Reputation: 9348
By reading text files into data frame, I want to add a new column based on the values in the existing columns, i.e. adding the numeric values from 'Stock' and 'Delivery'.
The problem is, the original data (from data supplier), was generated from "df.to_markdowns()".
Seems I can't remove the white spaces.
ds = pd.read_csv("C:\\TEMP\\ff.txt", sep="|", header = 0, skipinitialspace=True)
ds.columns = ds.columns.str.strip()
df['new'] = ds['Stock'] + ds['Delivery']
print (df)
What would be the way to handle such case?
By the way, this simulates the text file creation from "df.to_markdown()"
import pandas as pd
data = {'Price': [59,98,79],
'Stock': [53,60,60],
'Delivery': [11,7,6]}
df = pd.DataFrame(data)
with open("C:\\TEMP\\ff.txt", 'a') as outfile:
outfile.write(df.to_markdown() + "\n")
outfile.close
Upvotes: 0
Views: 692
Reputation: 2069
This should do what you need.
ds = pd.read_csv(
"C:\\TEMP\\ff.txt",
sep="|",
skiprows=[1],
skipinitialspace=True
)
ds.columns = ds.columns.str.strip()
ds = ds.loc[:, ["Price", "Stock", "Delivery"]]

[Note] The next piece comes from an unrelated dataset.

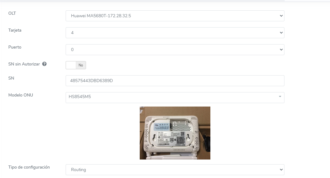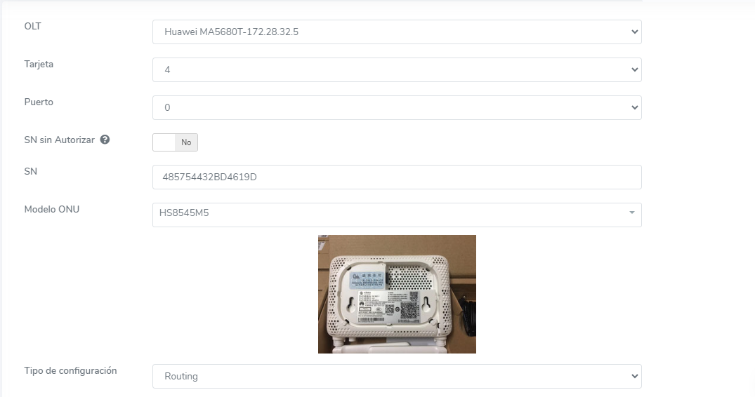 ont add 0 0 sn-auth 485754433B2F7F9D omci ont-lineprofile-id 2 ont-srvprofile-id 3 desc "PRUEBA_LAN-to-LAN 1"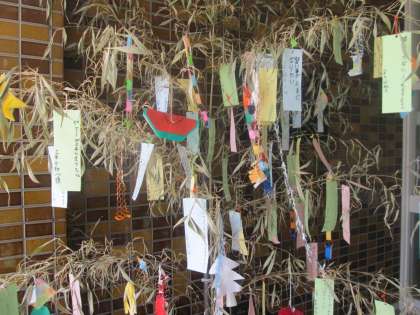 小学校の玄関で笹の葉と色とりどりの短冊、折り紙でつくった飾りが風に吹かれて揺れています。今週の金曜日は7月7日、七夕です。

ds['new'] = ds['Stock'] + ds['Delivery']
print(ds)
output
Price Stock Delivery new
0 59 53 11 64
1 98 60 7 67
2 79 60 6 66
skiprows=[1]
skips the row at index 1, which is the row with the --------:
With this row removed from the dataframe, pandas automatically interprets the Price
, Stock
, and Delivery
columns as integers, which allows the statement ds['new'] = ds['Stock'] + ds['Delivery']
to work as expected.
Upvotes: 1
Reputation: 3593
This works on the example you have provided:
pd.read_csv("~/Downloads/ff.txt", sep=r"\s*\|\s*", engine="python", skiprows=[1])[["Price", "Stock", "Delivery"]]
If you want something else I suggest you provide an example for it.
Upvotes: 1